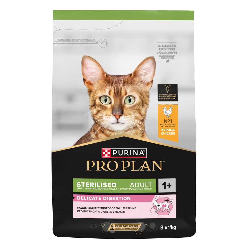 Корм сухой для кошек PRO PLAN® Sterilised DELICATE DIGESTION (Чувствительное пищеварение) — это полюбившийся PRO PLAN® Sterilised OptiDigest с новым названием, но прежним качеством.
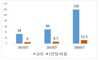 ▲글로벌 전자전기 폐기물 현황 및 전망(단위 : 백만 톤, kg, 자료 : Handelsblatt, Statista)
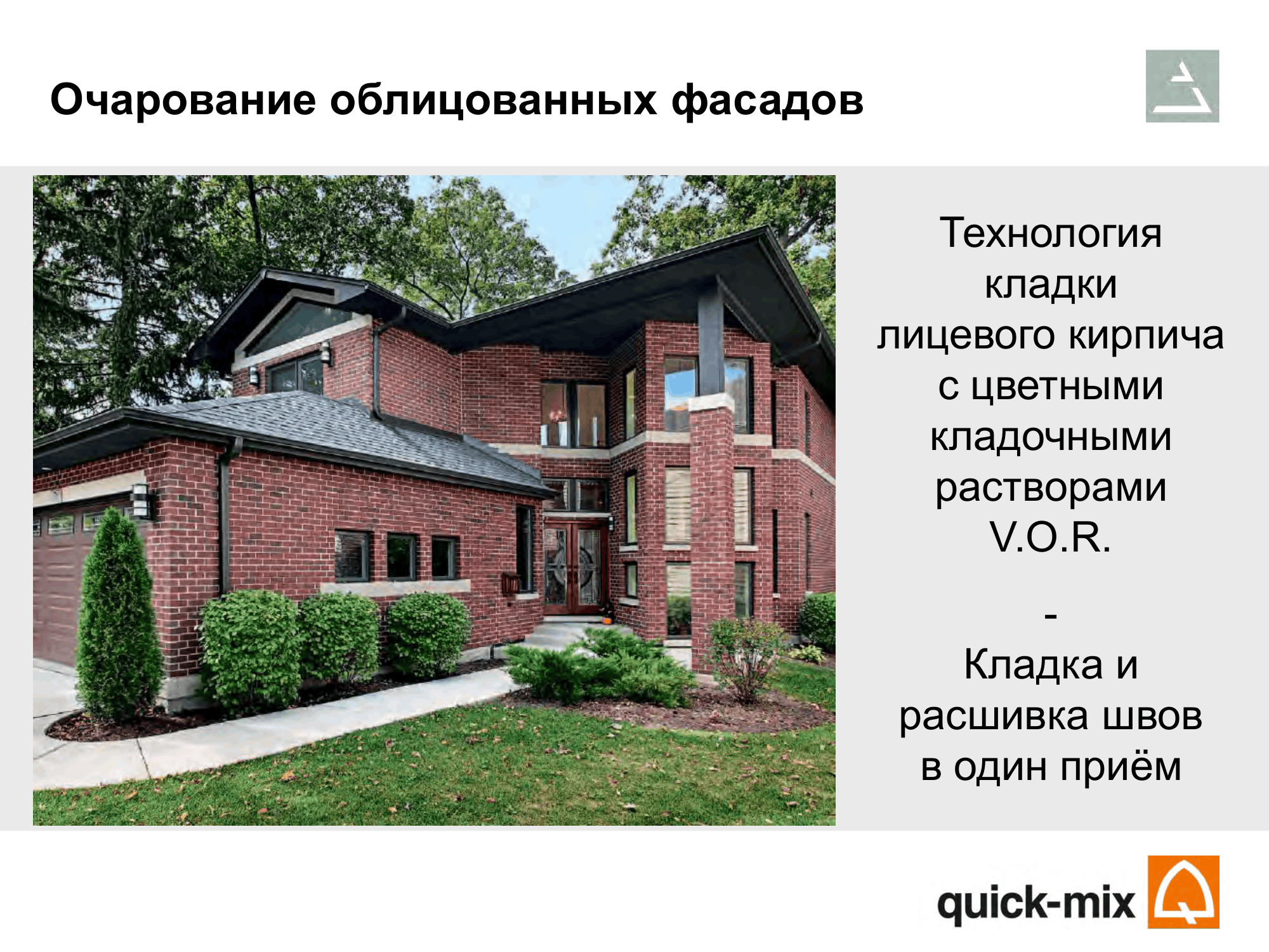 Наиболее востребованным продуктом quick-mix является система кладочных растворов V.О.R. для лицевого кирпича. В ее основе – четыре вида растворов, предназначенных для укладки кирпича разного водопоглощения. От клинкерного кирпича с чрезвычайно низким, до кирпича ручной формовки, обладающим значительной водопоглощающей способностью. Богатая цветовая гамма – 16 цветов растворов для кладки и заполнения швов, специально подобранный фракционированный заполнитель, а также оптимальное количество воды, позволяют выполнять лицевую кладку без появления высолов.
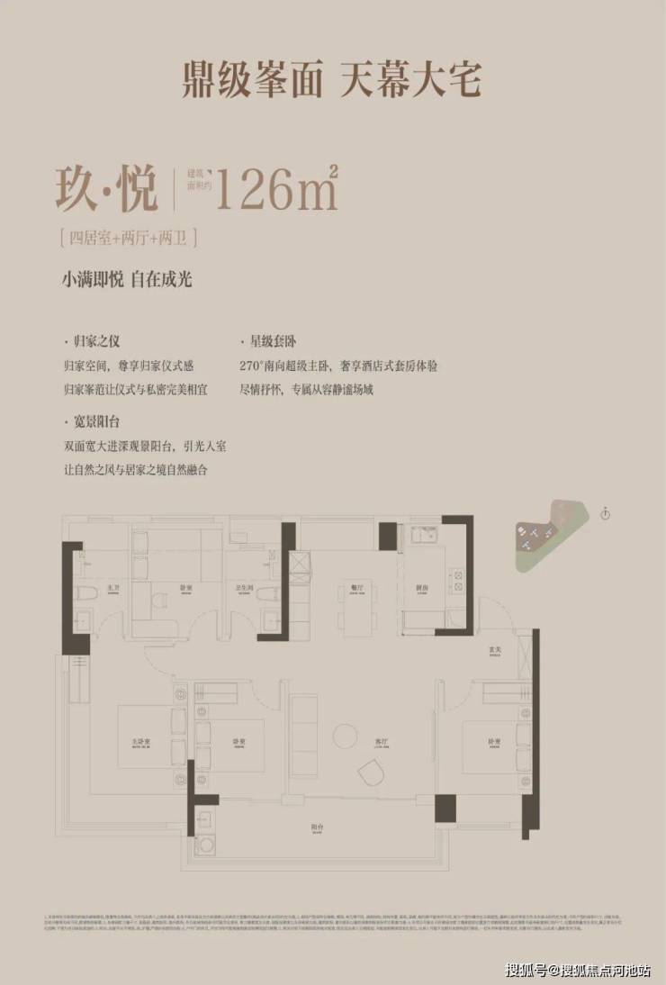 126m²的4房2厅2卫,竖厅南北通透格局,客厅4.3米开间,餐客厅分离设计,四开间朝南,全屋八面飘窗,主卧做到了270度转角无柱飘窗,U型厨房,卫生间干湿分离,得房率约95.2%(包含赠送),客厅连接次卧出7.1米长的观景大阳台,全部主朝西南向,看大运公园景观。
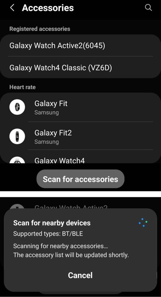 - Scroll down and tap the option to Scan for accessories.
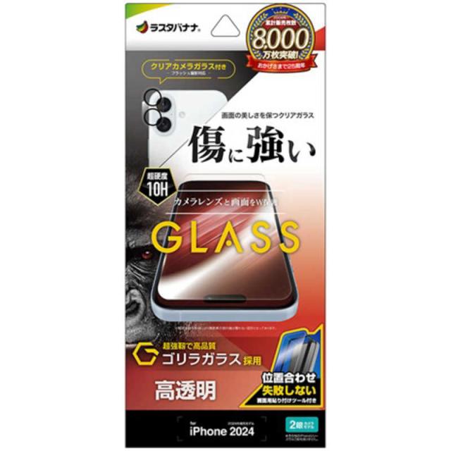 ラスタバナナ iPhone 16(6.1インチ)ガラスフィルム ゴリラガラス 高光沢+ カメラレンズ保護ゴリラガラス 簡単貼り付け治具付き GCS4339IP461

*Required work*
Exactly as written, reproduce all of the entries while dropping the pictures.

*Output*
 Корм сухой для кошек PRO PLAN® Sterilised DELICATE DIGESTION (Чувствительное пищеварение) — это полюбившийся PRO PLAN® Sterilised OptiDigest с новым названием, но прежним качеством.
 ▲글로벌 전자전기 폐기물 현황 및 전망(단위 : 백만 톤, kg, 자료 : Handelsblatt, Statista)
 Наиболее востребованным продуктом quick-mix является система кладочных растворов V.О.R. для лицевого кирпича. В ее основе – четыре вида растворов, предназначенных для укладки кирпича разного водопоглощения. От клинкерного кирпича с чрезвычайно низким, до кирпича ручной формовки, обладающим значительной водопоглощающей способностью. Богатая цветовая гамма – 16 цветов растворов для кладки и заполнения швов, специально подобранный фракционированный заполнитель, а также оптимальное количество воды, позволяют выполнять лицевую кладку без появления высолов.
 126m²的4房2厅2卫,竖厅南北通透格局,客厅4.3米开间,餐客厅分离设计,四开间朝南,全屋八面飘窗,主卧做到了270度转角无柱飘窗,U型厨房,卫生间干湿分离,得房率约95.2%(包含赠送),客厅连接次卧出7.1米长的观景大阳台,全部主朝西南向,看大运公园景观。
 - Scroll down and tap the option to Scan for accessories.
 ラスタバナナ iPhone 16(6.1インチ)ガラスフィルム ゴリラガラス 高光沢+ カメラレンズ保護ゴリラガラス 簡単貼り付け治具付き GCS4339IP461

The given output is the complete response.